Detalle de la portada de 'La espera' (Garbuix Books)

En 2015 Mario Trigo (Torrelavega, 1980), recibió un encargo de la revista de viajes para la que trabajaba (Altair Magazine), para viajar a Riaño (León) e intentar documentar la vida de una camada de lobos en libertad. Un viaje que se ha convertido en la apasionante novela gráfica La espera (Garbuix Books), que explora la relación entre los humanos y el lobo desde todas las perspectivas posibles.

“El objetivo inicial era hacer un artículo corto con alguna ilustración –nos comenta Mario-. Pero con el tiempo me di cuenta de que esa observación del lobo funcionaba como un cruce de caminos que iba más allá de la simple descripción del viaje, por interesante o educativa que pudiera ser”.

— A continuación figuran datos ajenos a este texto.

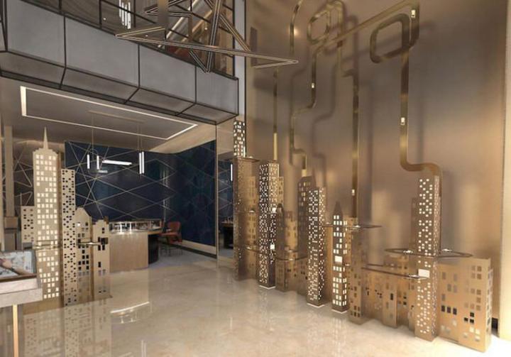 由于这是设在美国的旗舰店,加上江诗丹顿早在1831年便已经进军美国市场的渊源,所以在纽约旗舰店的开幕期间,靠近落地窗的地区和一楼展区会被一件“铜色之城”装置艺术所包围,这件艺术品设计灵感来自美国艺术家Chris Burden 2010年创作的Metropolis II,主要呈现方式是一组汽车和轨道装置,江诗丹顿和艺术家结合“大都市the idea of a city”的概念,目的是致敬纽约这个五光十色的国际都市。

“Por un lado –afirma-, estaba la observación en sí, ese modo de acercarse a la naturaleza. También la cuestión de la herencia cultural del lobo y de nuestra relación con él, de cómo forma parte de nuestro imaginario cultural desde muy pronto. De hecho, una de las claves de nuestra relación con él lobo, y casi una condena para él es cómo le hemos dotado de una enorme carga cultural, cómo lo hemos convertido en el malo de los cuentos, que condiciona cómo lo tratamos”.

“Por otra parte –añade Mario-, en el cómic hay una parte más realista o periodística, en la que analizo la llamada “guerra del lobo”, ese juego a tres bandas entre cazadores, ecologistas, ganaderos y las instituciones. ¿Cómo se protege o no se protege al lobo? ¿Quién tiene razón o no en las medidas que se toman?”.

Página de 'La espera' (Garbuix Books)

“Y no podemos olvidar el escenario dónde se sitúa la historia –continúa el autor-. Ese Riaño Nuevo que se construyó en los ochenta, porque el Riaño Antiguo fue inundado por el embalse, junto a otros ocho pueblos. Un proyecto que estuvo pendiendo como la espada de Damocles sobre la cabeza del pueblo de Riaño durante casi un siglo: en la Segunda República, con el franquismo y con la democracia. Y finalmente se ejecutó de un modo muy traumático, con desalojos forzados, con la Guardia Civil tomando al pueblo, con una gran propuesta de protesta del movimiento ecologista… Esa también es una historia muy potente”.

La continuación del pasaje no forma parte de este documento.